Calcio, la Francia si ferma

L’emergenza Coronavirus, tra gli altri mille disagi creati, ha anche fatto sì che tutte le manifestazioni sportive fossero interrotte fino a data da destinarsi. Al di là della passione dei fans in giro per il mondo, sappiamo che gli sport in generale- il calcio a maggior ragione- originano la movimentazione di enormi risorse economiche ogni anno, il che implica la riluttanza degli addetti ai lavori di dichiarare i campionati definitivamente chiusi e di fissarne la ripresa in autunno.

Tuttavia ora, a differenza di quanto testimoniavamo fino a qualche settimana fa, quasi tutti i paesi hanno finalmente preso coscienza dell’entità della crisi sanitaria in corso. Pertanto negli ultimi giorni stiamo assistendo a qualche presa di posizione drastica e, come sempre accade in questi casi, la platea si suddivide tra coloro che ritengono codeste misure necessarie e chi invece sostiene che si sarebbe potuto ancora prendere del tempo.

Prendendo in considerazione specifica il tema calcistico, è notizia delle ultime ore che la Francia, attraverso le parole rilasciate dal Primo Ministro Edouard Philippe, ha optato per la chiusura delle due categorie di vertice – Ligue 1 e Ligue 2- e che le partite potranno ricominciare ad essere disputate soltanto da settembre.

Già in Olanda si era precedentemente intrapresa questa via, con la Federazione Orange che ha presentato richiesta alla Uefa affinchè l’Eredivisie venisse registrata senza né assegnazione del titolo, né promozioni e retrocessioni.

Di parere radicalmente opposto sono invece i tedeschi, i quali stanno prospettando il rientro in campo delle squadre addirittura per il 9 maggio. Ovviamente tutte le gare verrebbero disputate a porte chiuse, ciononostante questa scelta appare a di poco frettolosa, considerando che il calcio è uno sport di squadra e di contatto e, di conseguenza, le regole sul distanziamento sociale verrebbero meno –per i calciatori e membri dello staff- già nel giro di due settimane.

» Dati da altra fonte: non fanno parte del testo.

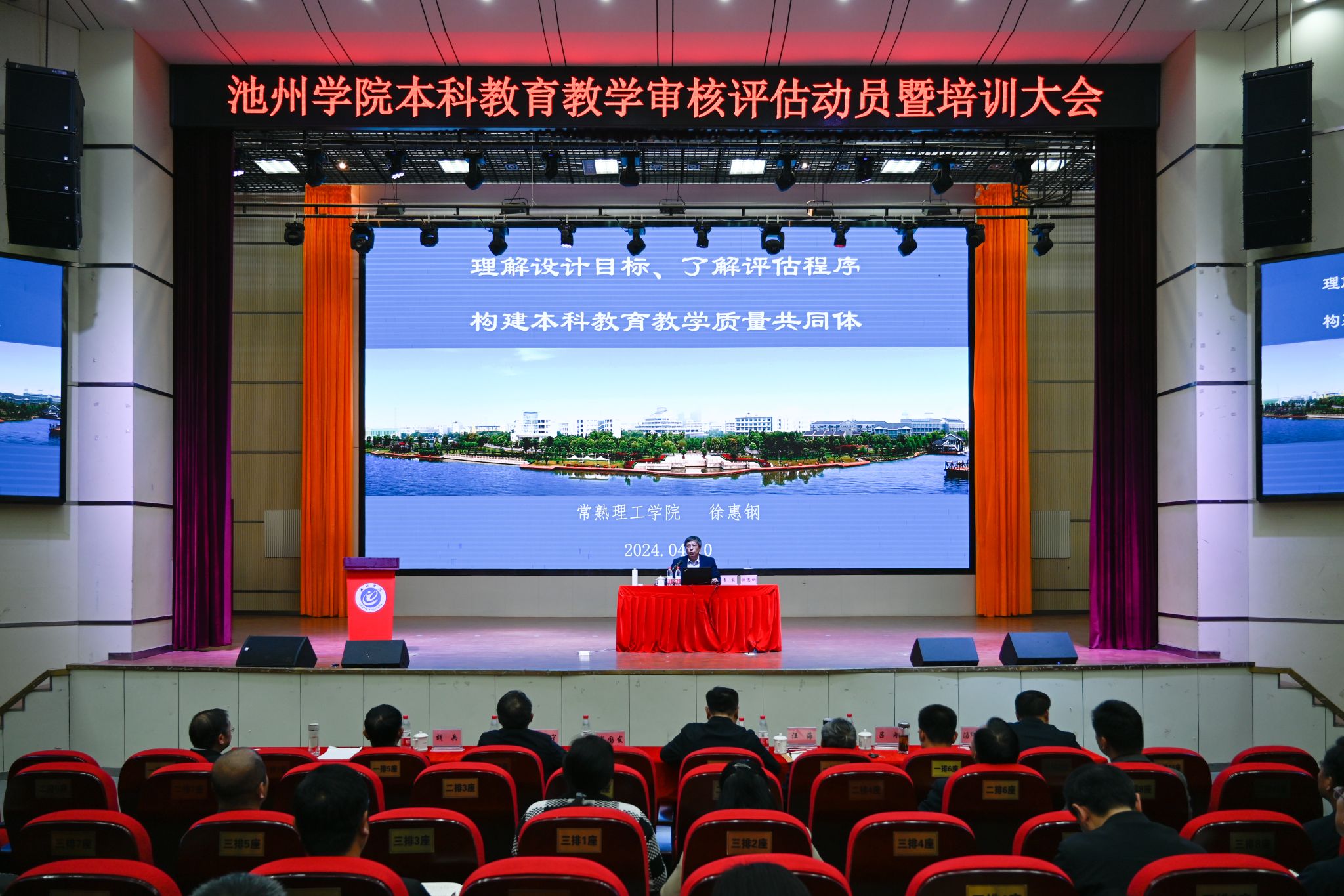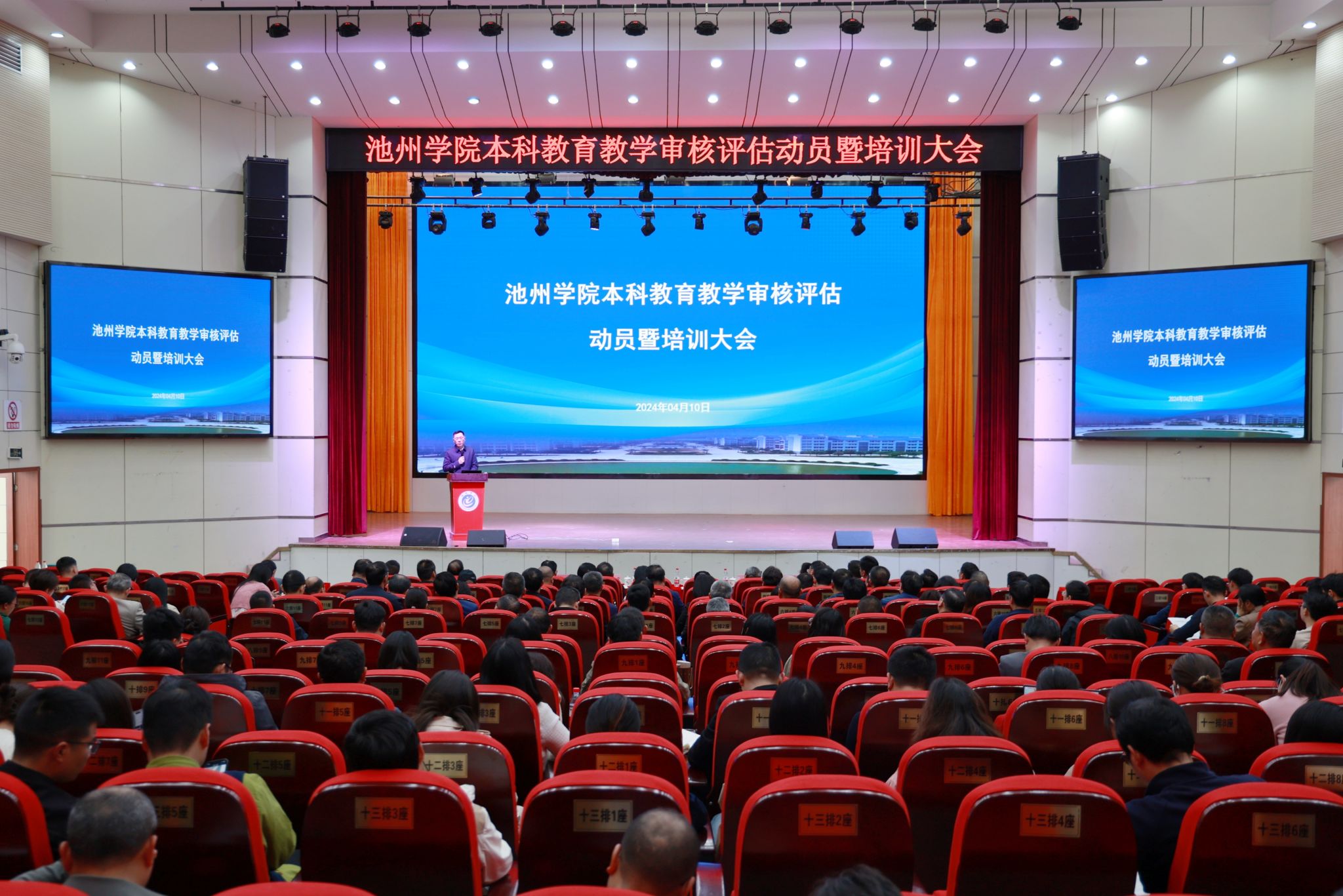 为进一步落实立德树人根本任务,巩固人才培养中心地位,全力做好本科教育教学审核评估评建改工作,4月10日下午,学校在博古楼大礼堂召开本科教育教学审核评估动员暨培训大会,就新一轮本科教育教学审核评估工作进行全面动员部署。校党委书记王峰作动员讲话。校领导崔国发、汪海、阳光宁、吕刚出席会议。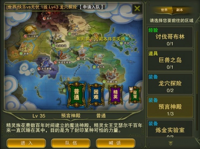 第三個裝備副本“預言神殿”將在等級達到35級時開啟,“預言神殿”與“煉金實驗室”定位相同,同樣是掉落全身裝備,進入和掉落裝備的等級都提升到了35級。副本地圖的設計上有了很大變化,不會再局限於在一個場景中,副本難度的設置上也有了較大提升。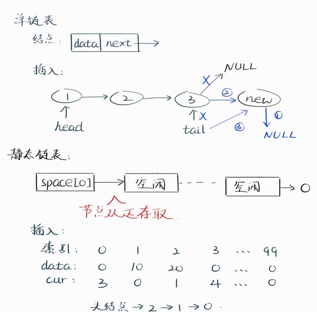 }4. 在一些不设“指针”类型的高级语言中,比如Java,我们可以使用静态链表。就是开设一个一维数组,数组的零号位视为头结点,这里的头结点定义为其next指向第一个结点。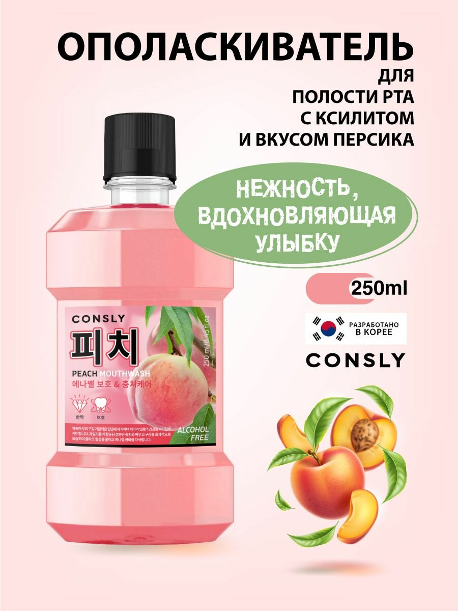Ополаскиватель для полости рта Consly с ксилитом и вкусом персика, 250 мл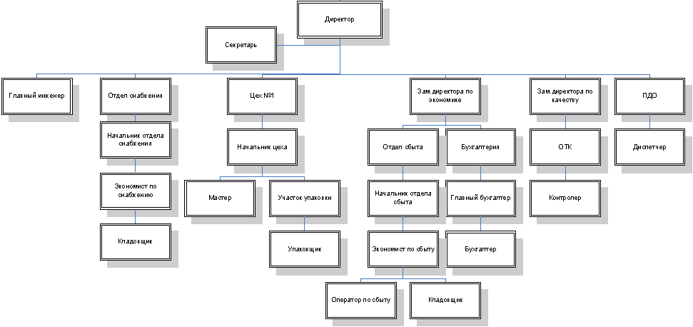 Рис. 3.1 Организационная структура предприятия Порядок анализа организационной структуры на наличие организационных несоответствий подробно описан в Методике «Совершенствование системы управления». После проведения такого анализа необходимо представить руководству Заказчика перечень основных несоответствий с предложениями по их устранению. Как уже отмечалось ранее, все подразделения классифицируются по видам доходов / расходов, которые они несут в процессе своей деятельности, и им присваивается статус соответствующего ЦФО. Центры затрат (ЦЗ) образуют подразделения, которые для выполнения своих функциональных обязанностей потребляют различные ресурсы, что означает для предприятия что подразделение, с экономической точки зрения, воздействует только на затраты. Примером Центров затрат являются различные производственные подразделения и функциональные службы (цех, склад, бухгалтерия, реклама, охрана). Центры затрат определяют расходную часть бюджета предприятия. Центры дохода (ЦД) отвечают за доход, который они приносят фирме за счет своей деятельности и определяют доходную часть бюджета. Центром дохода может выступать подразделение компании, занимающееся реализацией готовой продукции, товаров и услуг, т.е. функционально предназначенное для получения дохода в виде выручки (Отдел продаж, склад-магазин, оптовая база, сеть агентов, фирменных магазинов и т.д.). Центры маржинального дохода (ЦМД) несут ответственность за величину получаемого маржинального дохода. Создаются на предприятиях, где есть подразделения осуществляющие более сложный вид деятельности - не одно производство (как центры затрат), и не одну торговлю (как центры дохода), а, например, производство и реализацию продукции определенной номенклатуры, т.е. фактически являются отдельными бизнес - процессами (бизнесами). Бизнесы отвечают за эффективность деятельности, контролируя доходную и расходную части своего направления. Мерой эффективности бизнеса будут являться не доходы и затраты направления по отдельности, а разница между ними в виде маржинального дохода. Под маржинальным доходом (прибылью) понимается разница между выручкой и прямыми (прямо прослеживаемыми до объекта возникновения) затратами. Полученная таким образом сумма маржинального дохода идет сначала на покрытие накладных затрат направления, потом накладных предприятия и далее на формирование чистой прибыли всего предприятия. То направление, которое приносит наибольший маржинальный доход, является и наиболее выгодным для предприятия. Таким образом, предприятие обеспечивает эффективность деятельности своих отдельных направлений бизнеса, ставя им в ответственность уровень маржинального дохода. Центры прибыли (ЦП) отвечают перед руководством суммой заработанной прибыли, т.е., они по аналогии с центрами маржинального дохода контролируют как расходную, так и доходную сторону своей деятельности. Но центры прибыли рассчитывают доходы и затраты не отдельного направления, а всего предприятия в целом. Соответственно, центром прибыли выступает предприятие, как самостоятельное, так и в составе многоуровневой структуры, например, холдинга. Центры инвестиций (ЦИ) являются верхним уровнем финансовой структуры. Они имеют право управлять не только оборотным капиталом, т.е. отвечать за объем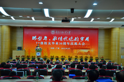 本网讯 2012年4月7日上午,广外77级校友毕业30周年聚会在北校区图书馆多功能报告厅隆重举行。周末寂静的广外校园内热情漫溢,近150名校友从世界各地汇聚母校,共叙同窗师生旧情。我校校长仲伟合,校党委副书记许国彬,77级教师代表,相关学院、部门负责人以及校友总会秘书处全体工作人员参加了本次庆祝活动。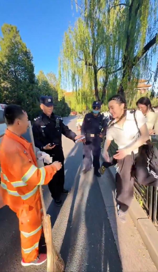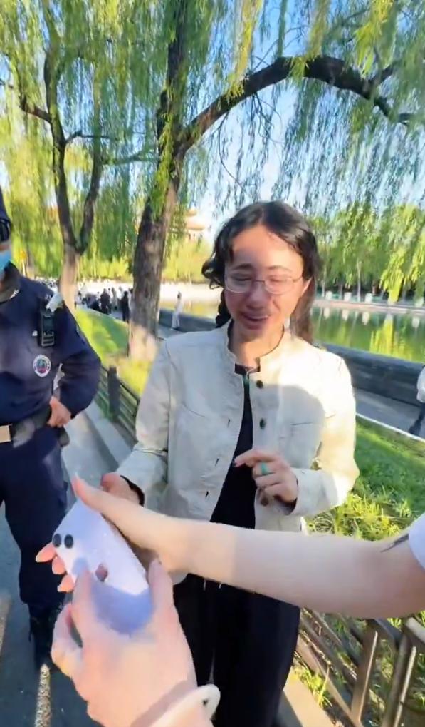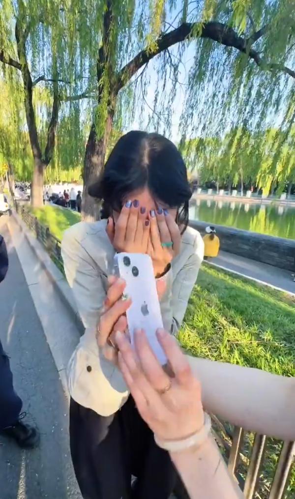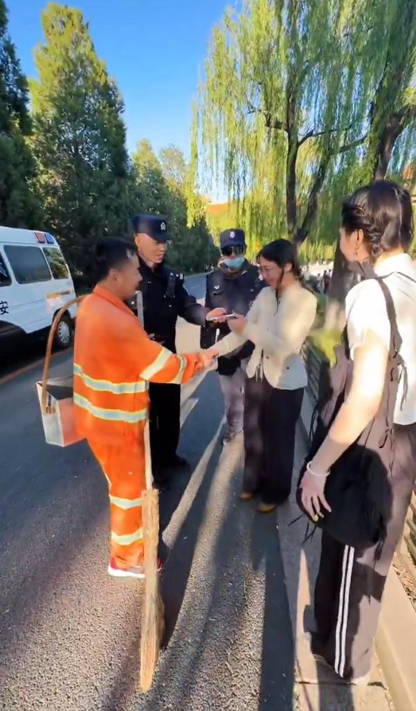 4月28日傍晚,中国北京市,来故宫游玩的美国洛杉矶两位女孩游兴甚浓,不停地打卡留念,不慎将手机丢失。故宫环境卫生工作人员王师傅在护城河岸边打扫卫生时发现草丛中遗失的手机,立即交给巡逻的民警,贴心民警让王师傅亲自交给失主,美国女孩重获手机后喜极而泣。
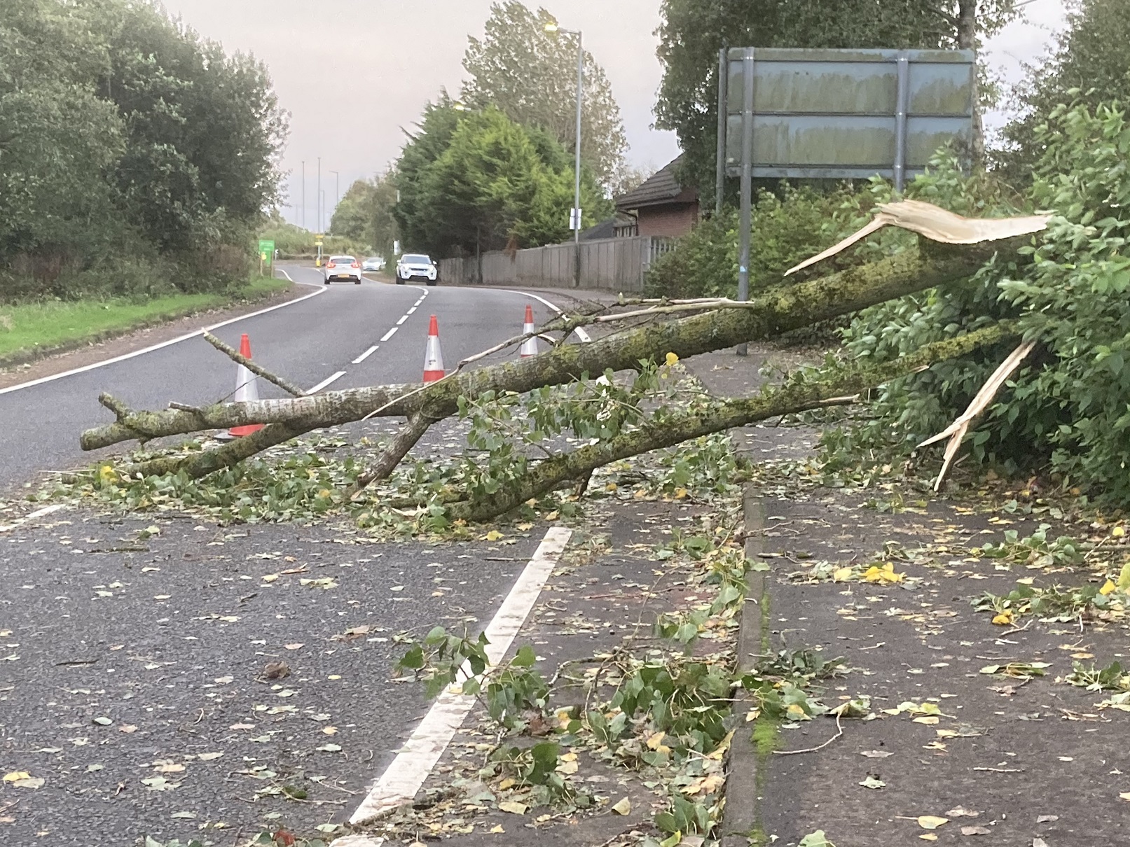 Above: Storm Amy did her best to disrupt proceedings, with run participants facing fallen trees, such as this one pictured near Glasgow. Credit: Tim Hunt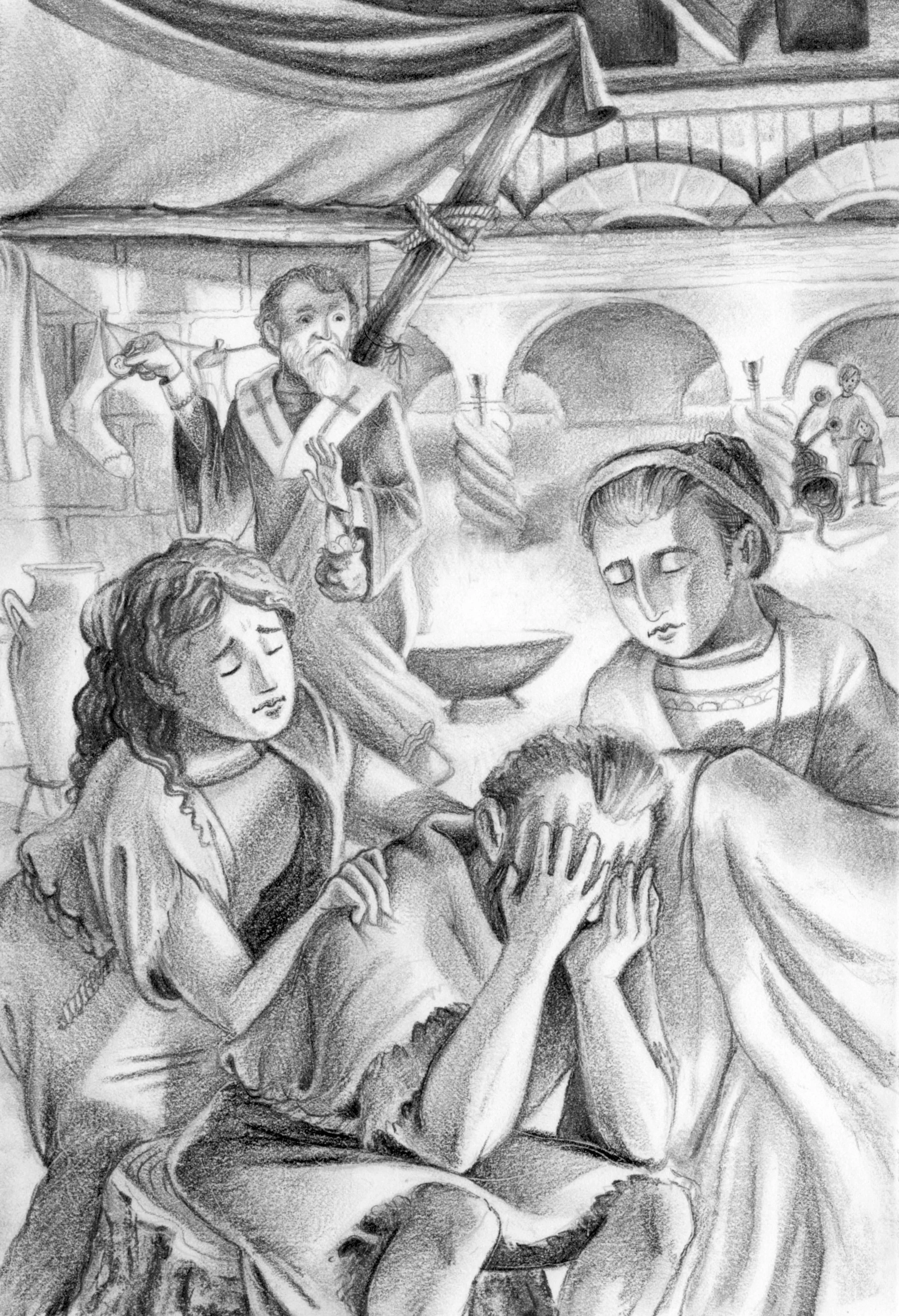 From a work for hire book about the history of Santa Claus. This image depicts the Roman Emperor Constantine freeing Saint Nicholas from prison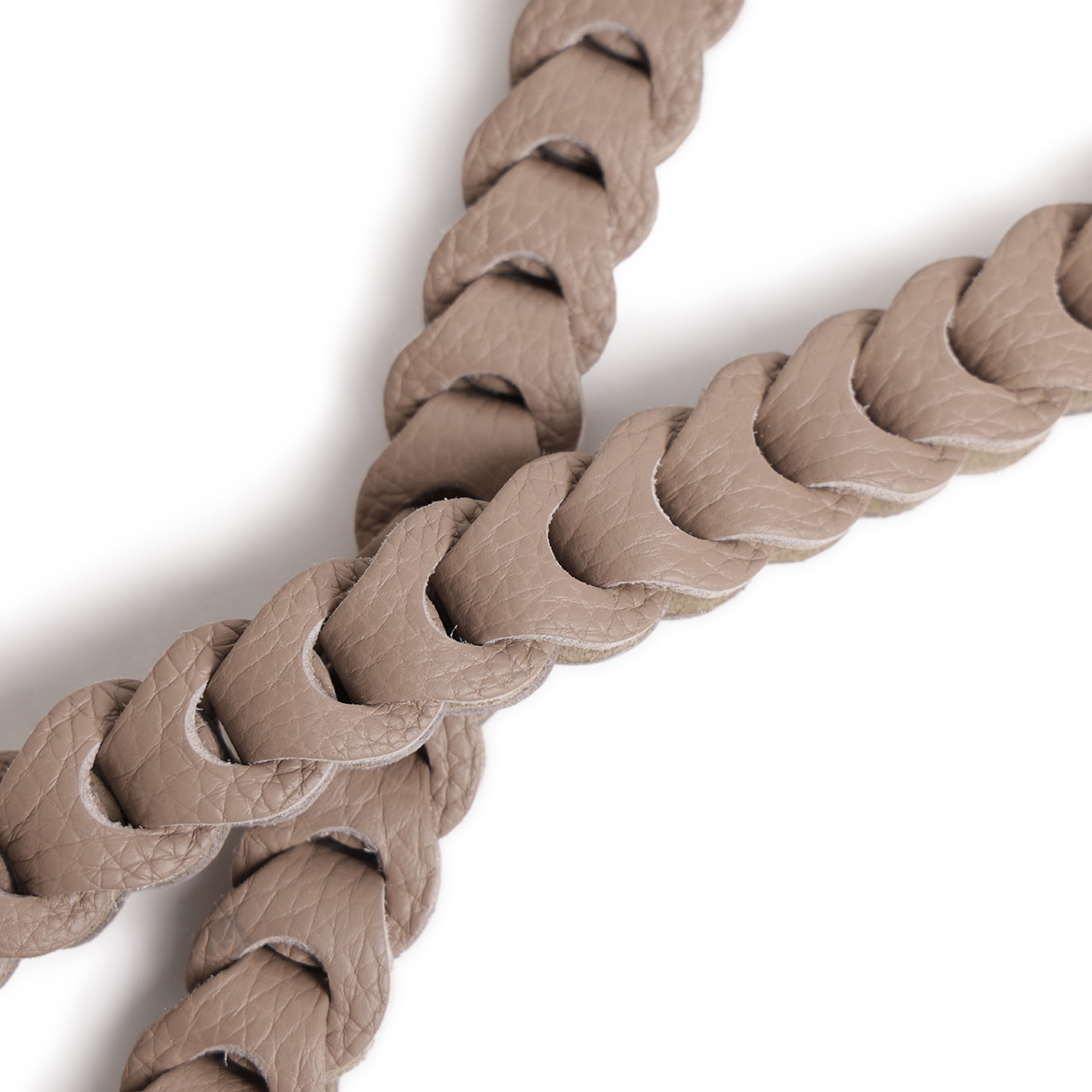 BOHOシリーズは「無限の連結法」というテーマのもとに作られており、プルタブのようにカットしたレザーを編み込むことで何とも言えない独特な革の表情、手触り、エイジングを楽しむことが可能。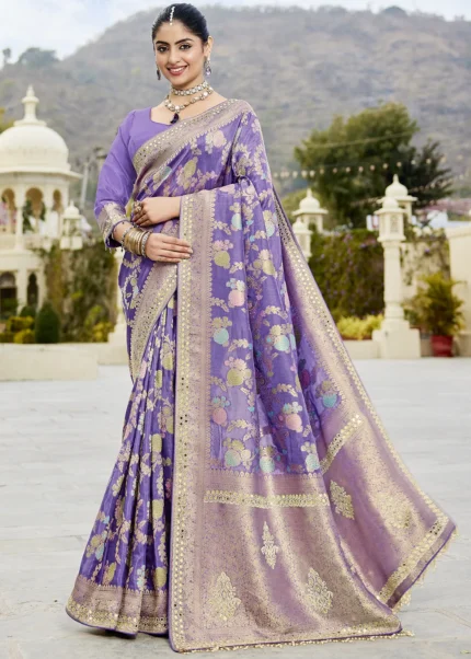 Royal Purple Banarasi Saree with Embroidered Blouse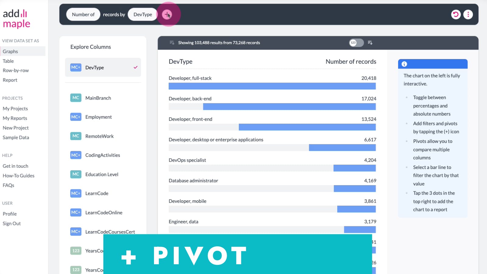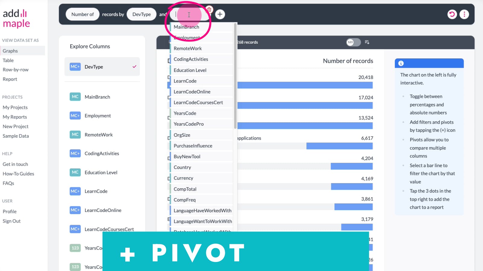 Expand the graph you would like to add pivots to. In our example this is the type of developer column, "DevType".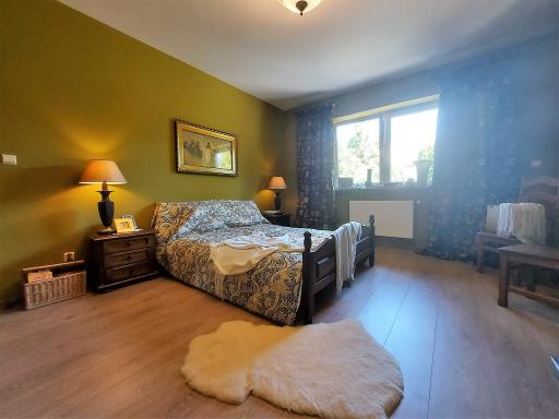 Wybudowany kilkanaście lat temu z ogromną dbałością, pierwotnie pięciopokojowy - aktualnie to salon z otwartą kuchnią i jadalnią, gabinet, sypialnia gościnna, główna sypialnia z garderobą i łazienką, druga łazienka, kotłownia (łącznie 206m2) i garaż dwustanowiskowy (ok. 50m2).

Negli altri campionati maggiori d’Europa – quello italiano, spagnolo e inglese- si sta ancora percorrendo la terza via, quella di mezzo. Nessuno ha infatti osato sbilanciarsi, posticipando dunque ogni decisione circa il destino delle rispettive stagioni.

Continuare a giocare per tutta l’estate per portare a termine i campionati avrebbe il vantaggio di togliere l’imbarazzo alle varie federazioni e alla Uefa di prendere decisioni riguardo a come cristallizzare i risultati parziali raggiunti.

Risulta inutile ribadire che qualsiasi scelta, non basandosi su disposizioni regolamentari chiare e precise, scontenterebbe inevitabilmente qualcuno, il che alimenterebbe ondate di polemiche enormemente dannose al movimento, soprattutto in un periodo del genere.

Inoltre il proseguimento porterebbe con sé numerosi vantaggi economici, i quali risulterebbero fondamentali per evitare il collasso di molti club europei.

Dall’altro lato però, appare quantomeno una forzatura far disputare tutte le partite restanti durante l’estate, tenendo in considerazione le temperature che vengono raggiunte soprattutto nei paesi mediterranei. Inoltre, per chiudere la stagione abbastanza presto da non compromettere quella successiva, le squadre sarebbero costrette a giocare in media dalle due alle tre gare a settimana, il che complicherebbe ulteriormente la tenuta fisica dei calciatori.

A margine di tutto ciò, non dimentichiamo che sarebbe del tutto plausibile il contagio di un giocatore. Questa eventualità, già verificatesi a marzo, costringerebbe l’intera squadra di appartenenza dell’infetto ad un periodo di autoisolamento, precludendole dunque di continuare il campionato.

Tutto ciò farebbe venir meno quel concetto di giustizia e parità che, seppur in un momento delicato e caratterizzato da altre priorità, non può esser dimenticato.

Da ciò consegue che, ad oggi, la soluzione più ragionevole sia quella di seguire l’esempio di Francia e Olanda, impegnandosi a concepire un criterio equo per fissare le posizioni delle diverse classifiche e puntare, incrociando le dita, a ripartire a settembre nel segno della normalità e della passione che lo sport si trascina dietro.